Robinson is from Hesqiuat First Nation, located on the West Coast of Vancouver Island, and is a graduate of the Master of Social Work-Indigenous Trauma and Resilience field of study (MSW-ITR) at the Factor-Inwentash Faculty of Social Work.
Others featured in the video include MSW-ITR Sessional Lecturer Anita Charleston-Touchie, also of the Hesquiaht First Nation, who served as a Facilitator and Core Team Member for the unique community project. MSW-ITR Prof. Jane Middelton-Moz facilitated a week-long workshop in support of the Rebuilding the Circle program, while fellow MSW-ITR graduate, Erin Irvine of Confederated Salish and Kootenai Tribes, contributed as a facilitator.

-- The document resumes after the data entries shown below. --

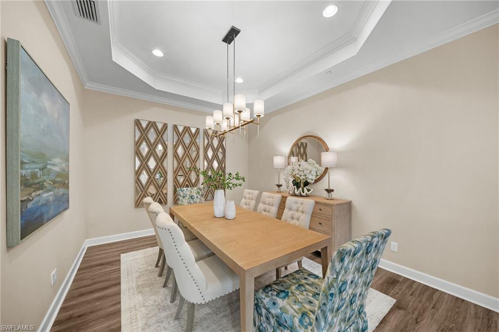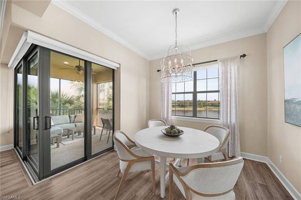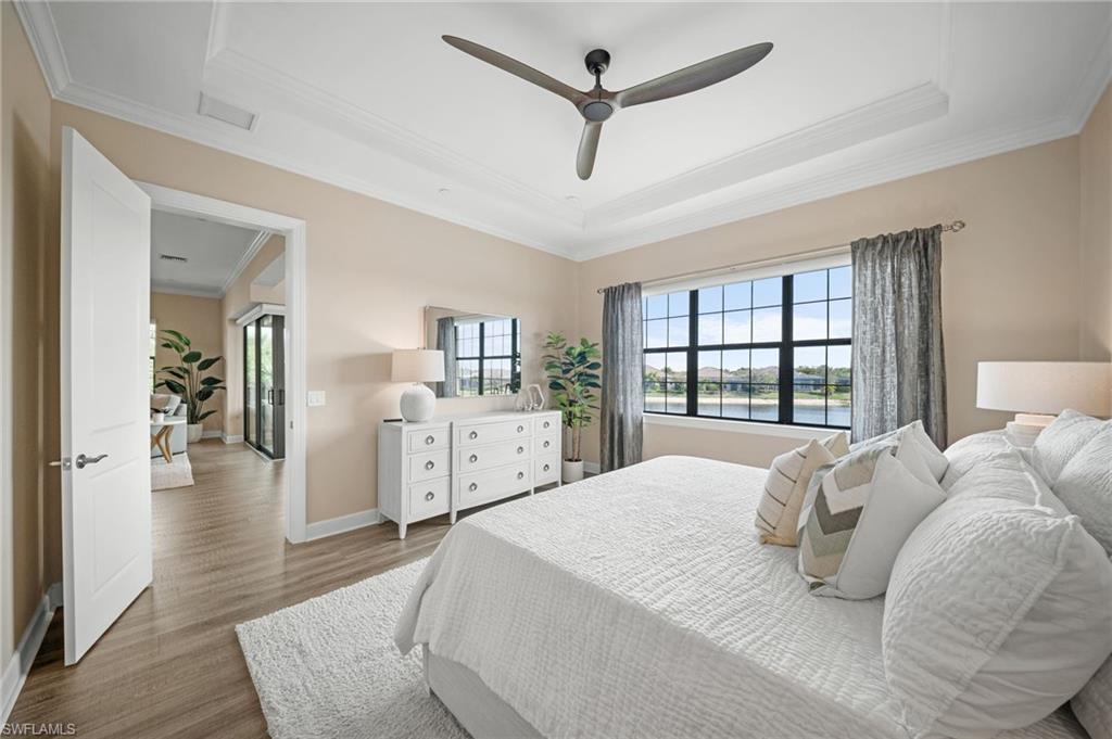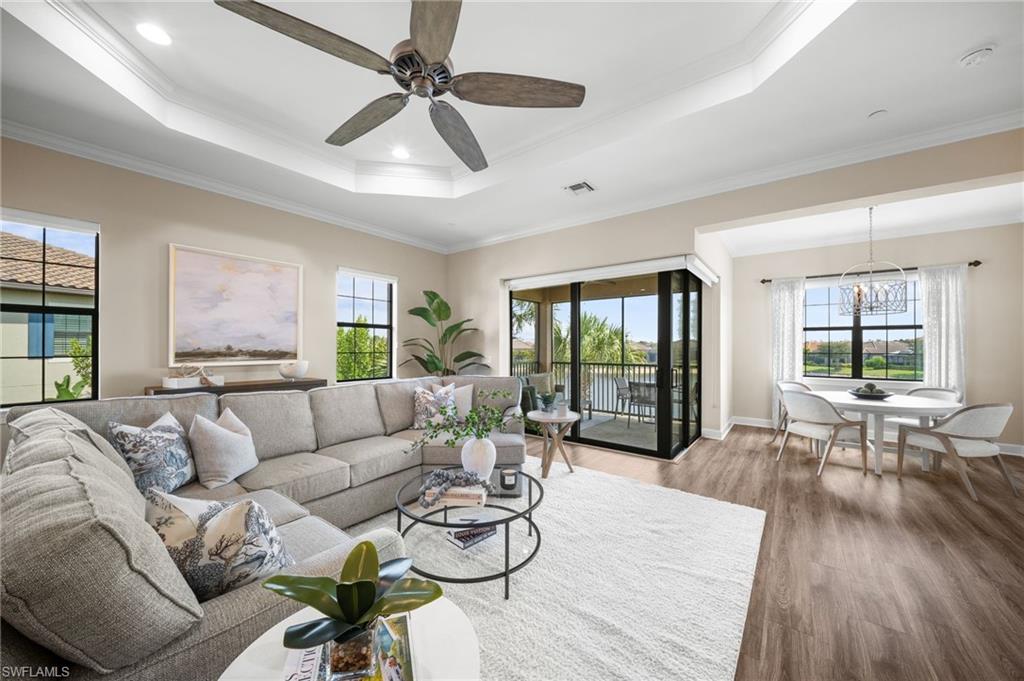Start living a vacation lifestyle in Esplanade G&CC! This 3 bedroom, 3 full bath "Romano" second-floor END UNIT coach home blends style, comfort, & panoramic views of a tranquil lake and comes partially furnished! Designed with an open, airy layout, the expansive great room is anchored by an impressive zero corner pocketing sliding glass door, inviting you to step out onto a private, tiled and screened lanai—perfect for enjoying the warm Naples breeze and picturesque sunrises. The heart of the home is a beautifully appointed kitchen featuring a generous center island, GE Cafe stainless steel appliances including an additional dual zone wine cooler, Cambria quartz countertops, and abundant cabinetry, creating a space that is as functional as it is inviting. The great room showcases a custom feature wall complete with an LED fireplace, built-in cabinetry, and stylish shelving, adding both warmth and sophistication to the space. Elegant upgrades are found throughout, including hurricane-impact windows and doors, special order designer lights/fans/chandeliers, master closet built-in cabinets, luxury laminate flooring throughout the common areas & primary bedroom, and more! This unit is located just steps away from the Montelanico pool! This property also comes with a CLUB/SOCIAL Membership, granting full access to all the amenities of Esplanade Golf & Country Club including limited golf opportunities all year round! Located in Esplanade Golf & Country Club, residents enjoy resort-style amenities, including a pool with cabanas & Bahama Bar, tennis, pickleball, bocce, Koquina Day Spa, fitness center, dog parks, 14 miles of biking/walking trails, a private 18-hole golf course, and a 15,000 sq. ft. clubhouse with a restaurant, bar, wine tasting room, wine lockers, and a Starbucks-style café. COMING SOON TO ESPLANADE! (2026): Fully renovated and expanded poolside Bahama Bar; expanded outdoor bar at the Barrel House; expanded golf practice range; and an AIR CONDITIONED INDOOR PICKLEBALL COMPLEX with four indoor courts.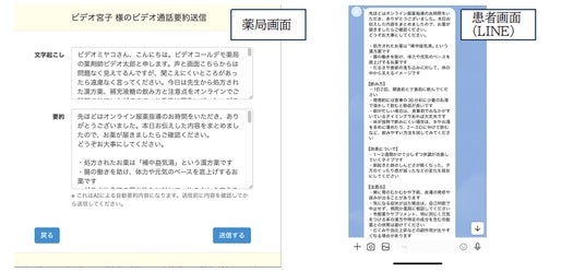 ・薬剤師が最終確認した後、「送信する」ボタンを押すことで、患者のLINEへ服薬指導の内容(要約)が届きます。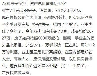 中国信达转让近47亿不良债权,知名豪宅万柳书院75套房源上架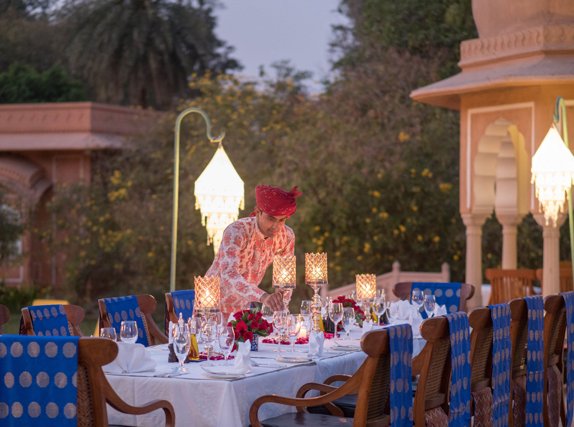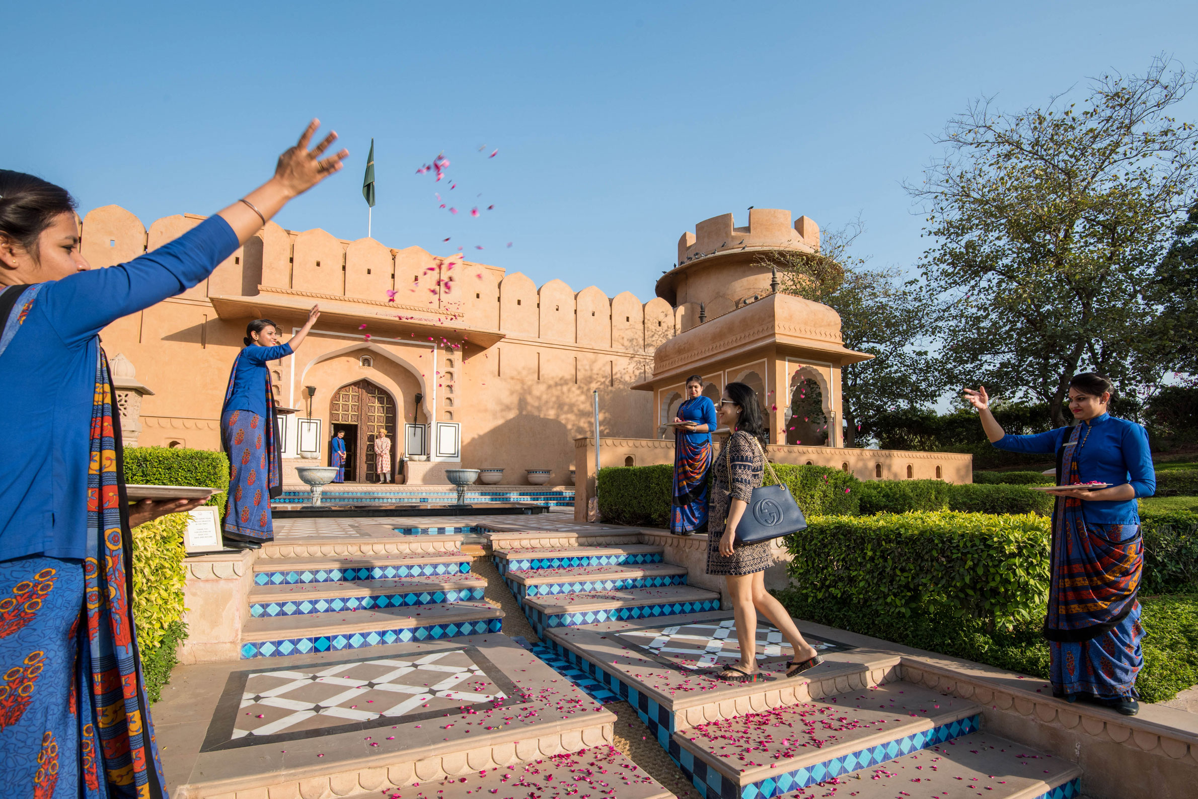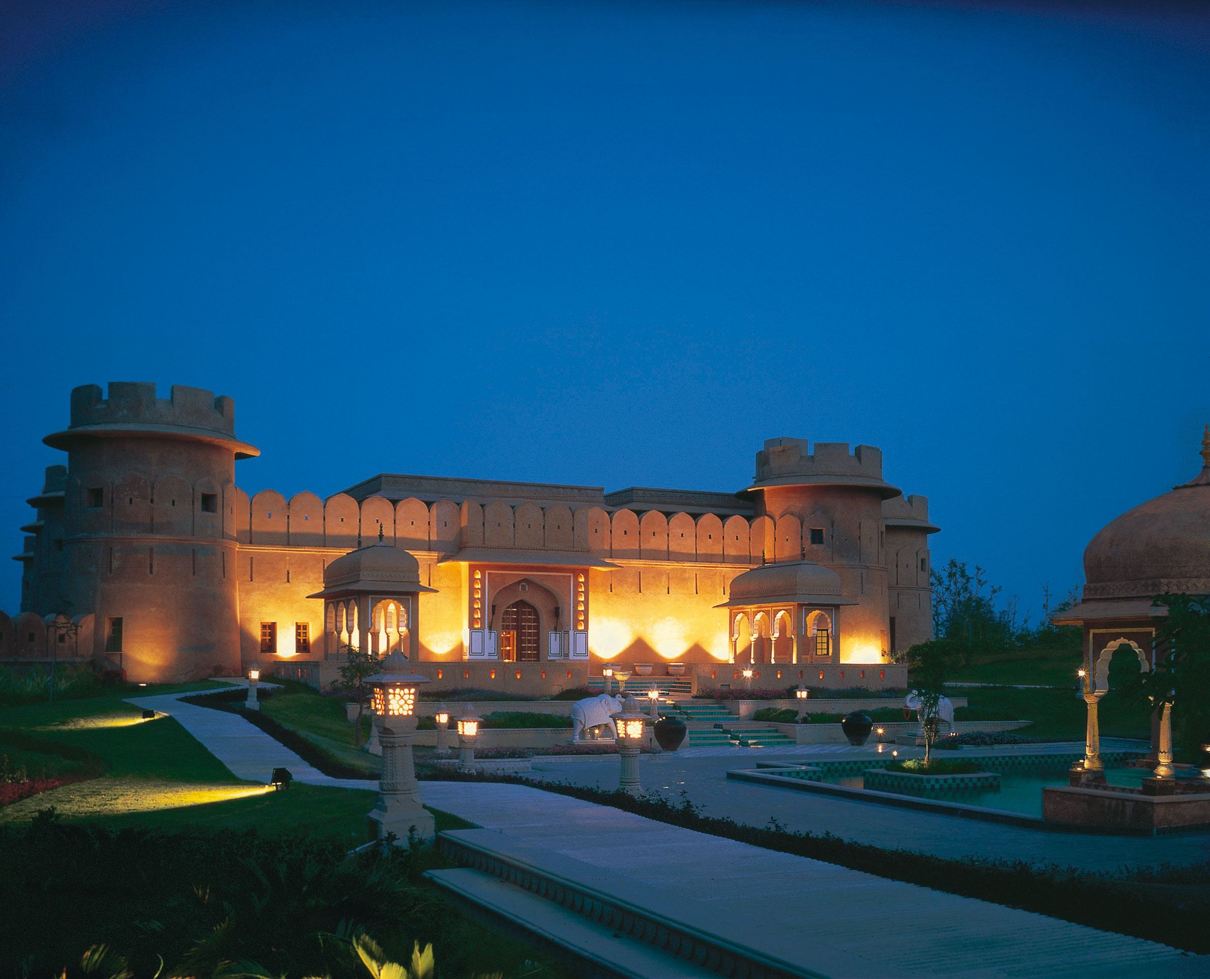 I hjärtat av Rajasthan och alldeles i närheten av den spännande staden Jaipur ligger detta romantiska hotell. Välansade trädgårdar med porlande fontäner och frodig grönska omringar den mäktiga arkitekturen av pelare, kolonner och stämningsfulla paviljonger. Boendet är exklusivt, i en stil som minner om den legendariska prinsessan Rajput. Smakfull inredning med hög komfort, nedsänkta badkar i marmor och lyxiga detaljer gör vistelsen extra behaglig. För ett mer exotiskt boende finns läckra, luftkonditionerade tältvillor.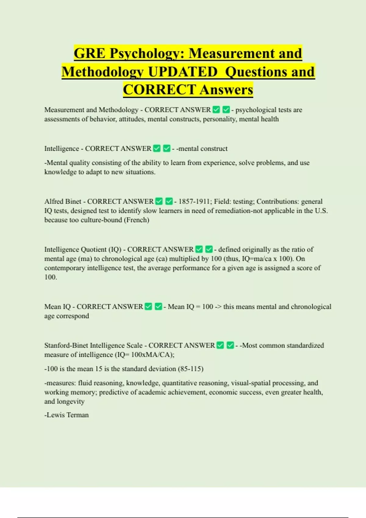 GRE Psychology: Measurement and Methodology UPDATED Questions and CORRECT Answers Measurement and Methodology - CORRECT ANSWER - psychological tests are assessments of behavior, attitudes, mental constructs, personality, mental health Intelligence - CORRECT ANSWER - -mental construct -Mental quality consisting of the ability to learn from experience, solve problems, and use knowledge to adapt to new situations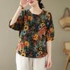 Cotton and Linen Printed Shirt, Round Neck, Short-sleeved T-shirt, Women's Loose Mother's Wear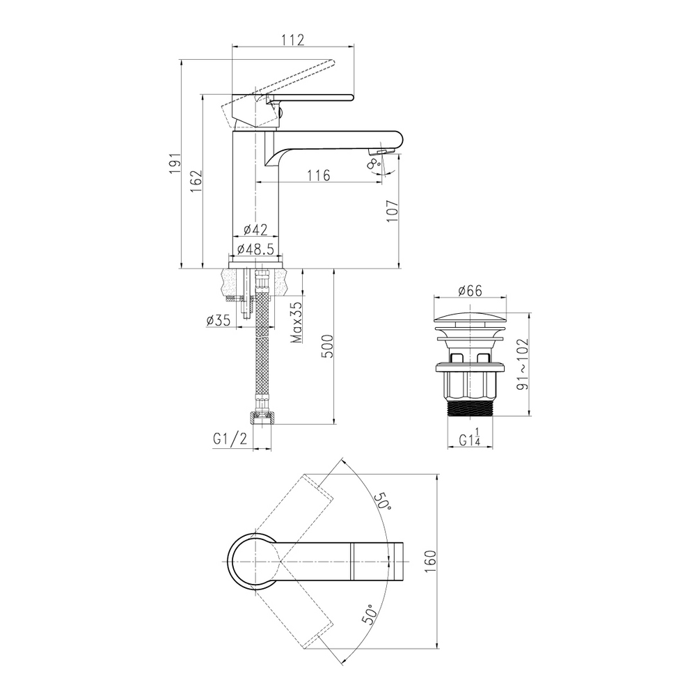 смеситель, подводка для воды, донный клапан (PVC), крепеж, гарантийный талон, инструкция по эксплуатации
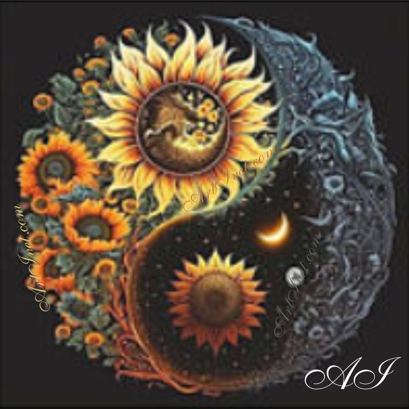 Pictura pe numere - Yin si Yang - Foc de floarea soarelui 40х40 сm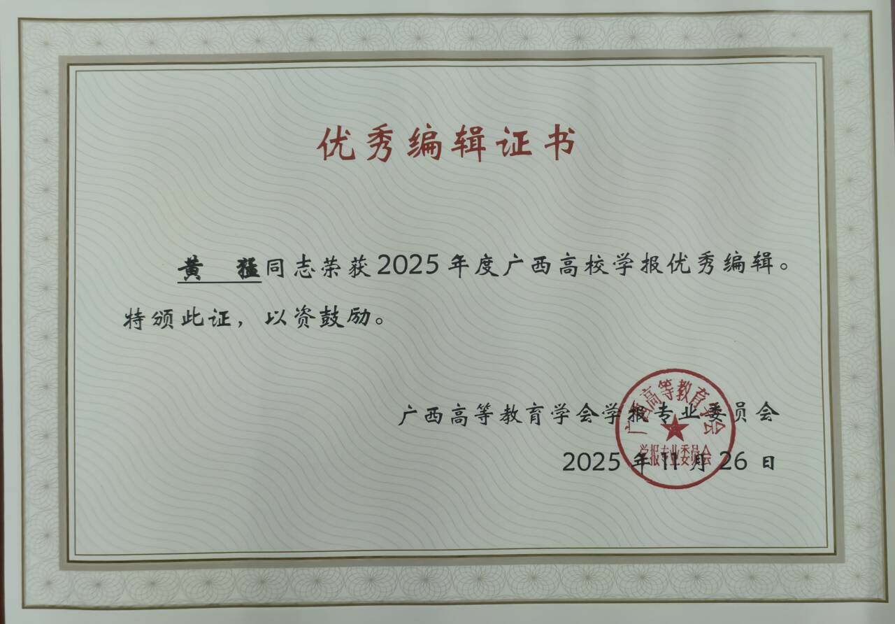 11月26日,由广西高等教育学会学报专业委员会举办的“广西高校学报2025年学术研讨会暨广西高校学报评优表彰大会”在崇左市举行。会议分为开幕式、颁奖、主题发言、分组讨论等环节,学报编辑部编辑黄猛代表我校学报参会。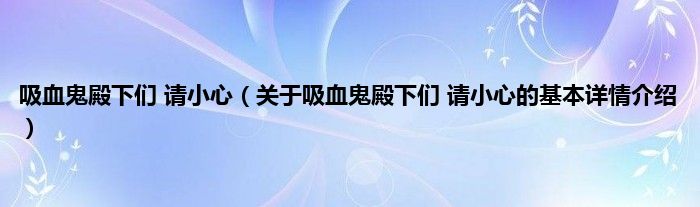 大家好我是小蝌蚪,吸血鬼殿下们 请小心,关于吸血鬼殿下们 请小心的基本详情介绍很多人还不知道,那么现在让我们一起来看看吧!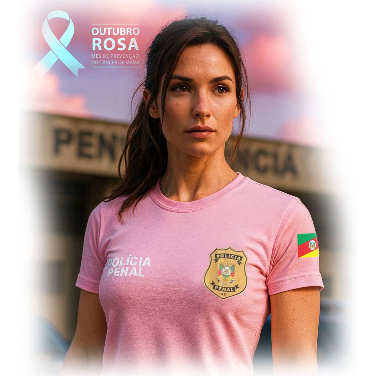 Em apoio ao Outubro Rosa, mês dedicado à conscientização e prevenção do câncer de mama, desenvolvemos esta camiseta exclusiva para que as policiais penais do Rio Grande do Sul possam participar da campanha também durante o serviço.

Both Middelton-Moz and Irvine appear in the video as well.
Launched as a pilot project in 2018, the Rebuilding the Circle program now offers programs for families with children who have been sexually abused, persons who have been sexually harmed, and persons who have harmed others sexually. The program is the first of its kind in North America, if not the first of its kind throughout the world, says Middelton-Moz.
“We can’t just focus on individual healing. We have to look at the bigger picture,” Charleston-Touchie says in the video. “Especially if we want to make big changes for the generations that come.”